Update 4-accuracy-benchmarking.md

pareenaverma · web-flow · commit 9422f94ebcbc · 2025-11-17T09:47:27.000-05:00
diff --git a/content/learning-paths/servers-and-cloud-computing/vllm-acceleration/4-accuracy-benchmarking.md b/content/learning-paths/servers-and-cloud-computing/vllm-acceleration/4-accuracy-benchmarking.md
@@ -30,22 +30,26 @@ You should have:
   The quantized model directory (for example, DeepSeek-V2-Lite-w4a8dyn-mse-channelwise) will be used as input for INT4 evaluation.
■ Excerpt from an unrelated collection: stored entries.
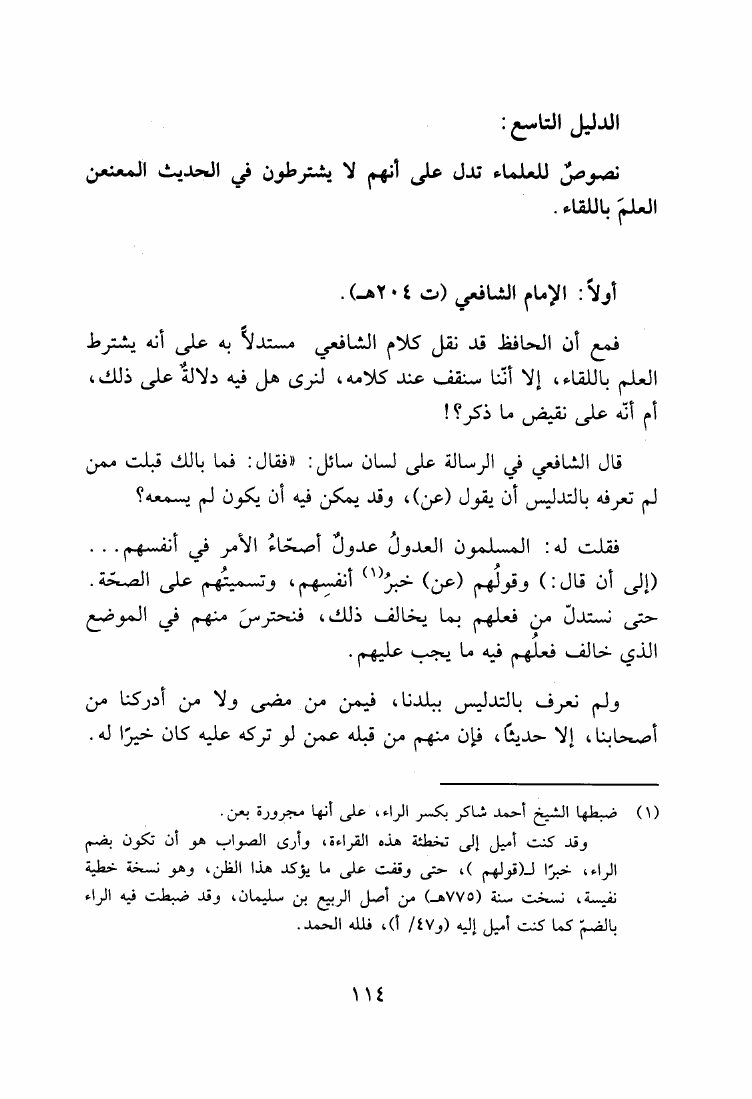 نام کتاب : إجماع المحدثين على عدم اشتراط العلم بالسماع في الحديث المعنعن بين المتعاصرين نویسنده : حاتم بن عارف بن ناصر الشريف العوني جلد : 1 صفحه : 114
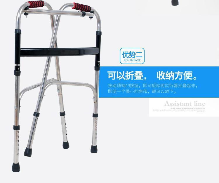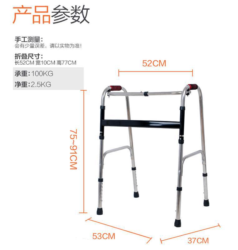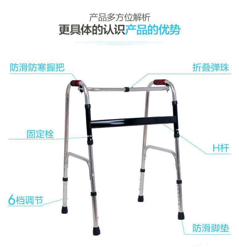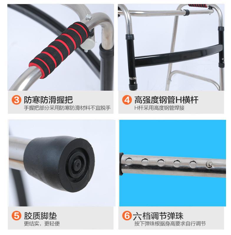Pode ser dobrado, fácil de guardar e transportar; a parte da empunhadura é coberta com material antiderrapante, que não escorrega facilmente das mãos; o pé é equipado com uma base de borracha para aumentar o atrito com o solo, tornando-o mais seguro de usar. É feito de aço inoxidável, que é leve e durável como um todo, pesando cerca de 2,5 kg (como o andador é uma estrutura de quadro, o peso real suportado por ambas as mãos é inferior a 2 kg, o que é muito leve!);
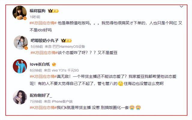 看着K总自曝恋情遭到网暴,真正的粉丝们集体怒了:“K总又不是爱豆,谈恋爱怎么了?”、“人家没劈腿出轨,好好谈恋爱不比挂在热搜的渣男强吗?”
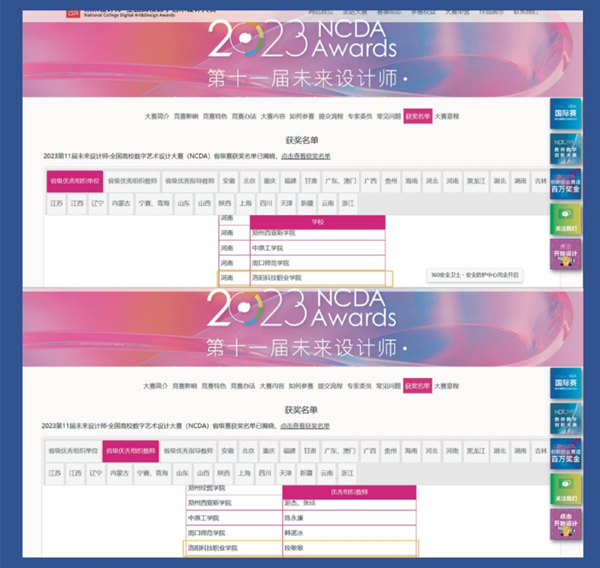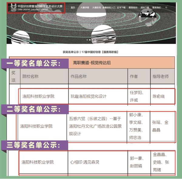 自两项大赛启动以来,艺术与设计海立方娱乐城 高度重视,教师积极鼓励、指导学生参赛。在各位教师指导和同学们的努力下,参赛作品经海立方娱乐城 推荐、作品初评、专家复评、组委会审核等,斩获奖项50余项,完美诠释了海立方娱乐城 “以赛促教、以赛促改、以赛促学、以赛促创”的教育理念。
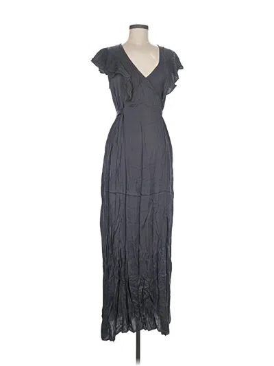 Stark X Casual Dress, Size: Medium. Item Details: Gray, Maxi, V Neck, Long Length, Short Sleeve, Ruched, Women's Dresses, 100% Rayon

 If you haven’t quantized a model, you can still evaluate your BF16 baseline to establish a reference accuracy.
 
-## Install lm-eval-harness
+## Install LM Evaluation Harness
 
-Install the harness with vLLM extras in your active Python environment:
+You will install the LM Evaluation Harness with vLLM backend support, allowing direct evaluation against your running vLLM server.
+
+Install it inside your active Python environment:
 
 ```bash
 pip install "lm_eval[vllm]"
 pip install ray
 ```
 
 {{% notice Tip %}}
-If your benchmarks include gated models or datasets, run `huggingface-cli login` first so the harness can download what it needs.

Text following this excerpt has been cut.